Do you need to plan a party, holiday, a business, your work task or your whole year? If you don’t know where to start, I’ll explain a simple method you can use to outline and plan just about anything. It’s also useful to figure out if your idea is doable or it needs some adjusting. This article will give you needed resources and downloadable timetable prepared just for you.

Very often we have an idea, problem or set of information obstructing our thoughts and we feel blocked by them. There are situations when you are overwhelmed, you need to finish a task but you just can’t grasp it at the moment. The common examples of this come from work situations, but believe it or not one of those stress triggers is your wedding for example. So whatever it is, keep calm, there is a method you can use to get yourself sorted. If you think it’s goofy to take a piece of paper and plan something by writing it down, just do it anyway and you don’t have to show it to anyone. Just let this tool help you, use it and move on.

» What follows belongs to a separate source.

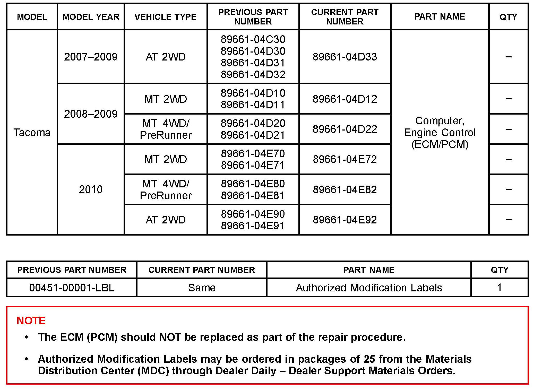 Some 2007 - 2010 model year Tacoma vehicles equipped with a block heater may exhibit a MIL "ON" condition with DTC P011B (Engine Coolant Temperature / Intake Air Temperature Correlation) after the vehicle cold soaks with block heater use. The Engine Control Module/ECM (SAE term: Powertrain Control Module/PCM) logic has been modified to address this condition.

Over time I’ve even noticed I started thinking in this organized way. For example, if there was a problem people would contact me about, I would find it easy to see the solution or at least logical step to the solution.

So let’s start, bit by bit, I’ll shortly explain each element of the plan.

The problem 

This is where you ask yourself what are you solving. What is the reason you need to make this plan? Are there more causes, which is the true one you need to deal with? For example if you are planning the wedding, the problem you could be facing is:

How to give the best possible reception for a tight budget and/or in a short deadline?

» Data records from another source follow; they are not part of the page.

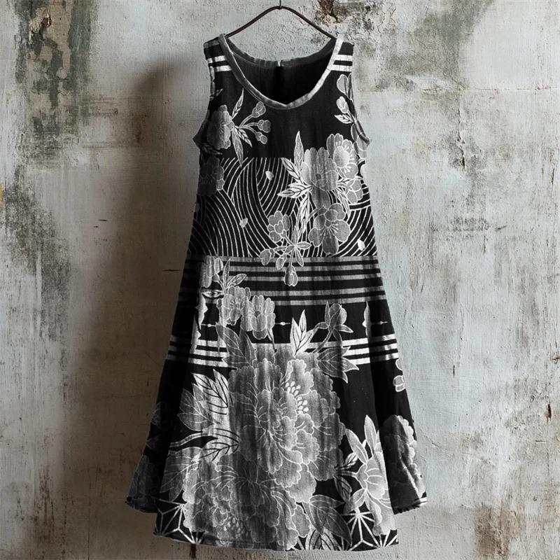 Floral Japanese Traditional Pattern Linen Tank Dress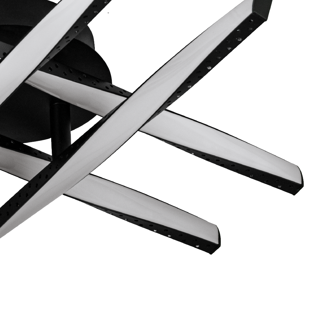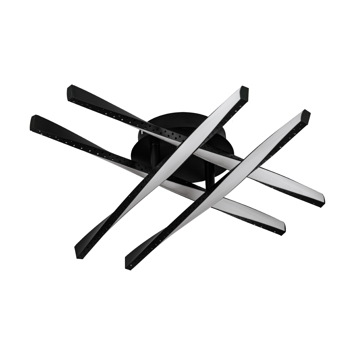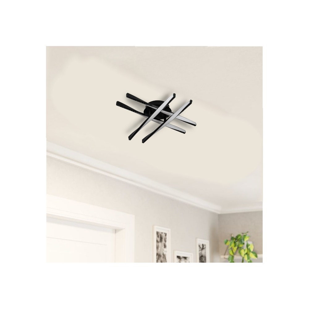 LED mennyezeti lámpa, fekete színű fém vázzal, a Led-ek fehér színű műanyag borítással. A csavart ágai modern megjelenést kölcsönöznek.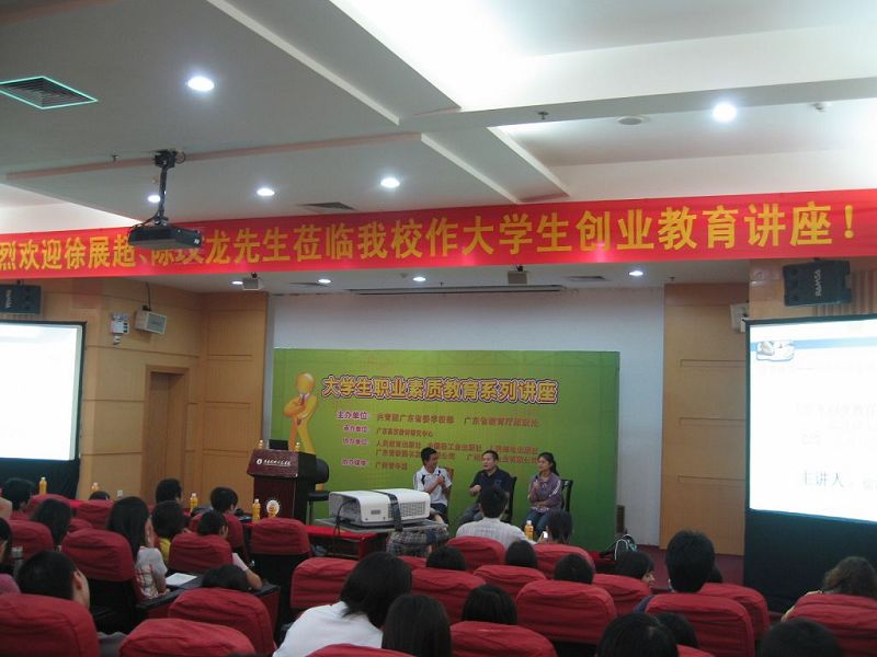 为进一步贯彻落实“以德为行,以学为上”的教育思想,帮助大学生提高职业素质,增强大学生创业能力,积累就业经验和竞争力,促进大学生成长成才,学校团委根据团省委、省教育厅的有关通知精神,举办大学生创业教育系列讲座。4月14日下午,第一讲邀请了广东普教图书发行有限公司董事长徐展超先生、资深品牌战略专家陈玟龙先生在校本部学术报告厅作了《职业化素质:职场试金石》、《CIS、品牌与职场人生》的讲座。团委负责人及各学院学生230余人参加了讲座。

Now you know what your priority to deal with is. So your focus is on quality, budget and time-frame. This calls for some creativity, trust me, I did it.

Objectives

Now you want to set one general objective – the ideal situation you are striving to, but remember this is the one you don’t have to pressure yourself to complete 100%. It is there to set your direction.

Example overall objective: Give the elegant and fun wedding for 5000 Euros budget in three months time.

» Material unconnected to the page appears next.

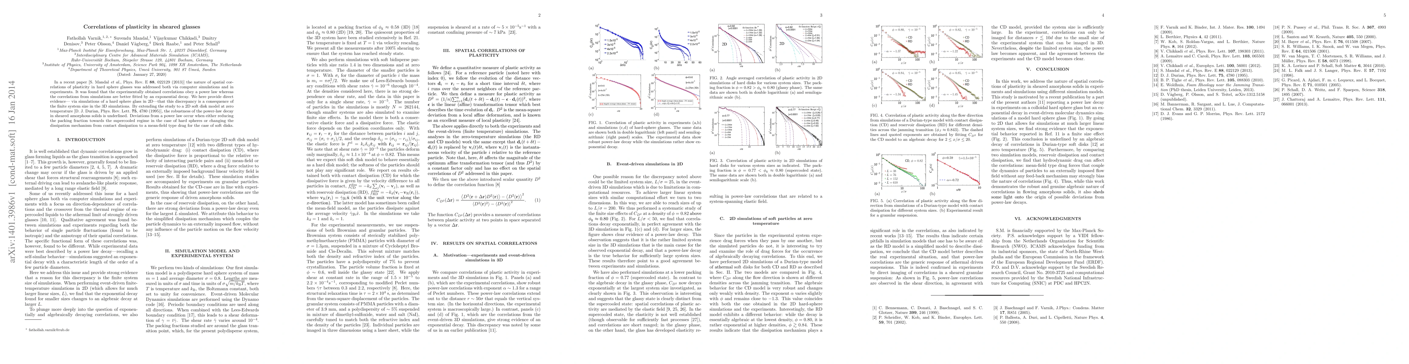 This paper investigates the spatial correlations of plasticity in sheared glasses using simulations and experiments, revealing that discrepancies arise due to finite system size effects in 3D simulations. It confirms the robustness of power-law decay in 2D soft disk models, highlighting deviations only under specific conditions like reduced packing fractions or altered dissipation mechanisms.

Than make some specific objectives to help you out:

Specific objective 1: Find an elegant but affordable theme for the wedding;

Specific objective 2: Find the venue which fits into the budget, maximum 3000 Euros, 50 guests;

Specific objective 3: Finish all preparations in 2 months and 10 days.

Expected results 

These will help you know whether you are successfully going towards your objectives. Expected results are the picture you want to see at the end.

Example: Excellent atmosphere on the wedding, Venue reflects our personalities, Budget respected, Guests give excellent feedback.

Activities

Now following each specific objective outline the activities that need to be done in order to reach them. Try to order them in the way they are going to be realized.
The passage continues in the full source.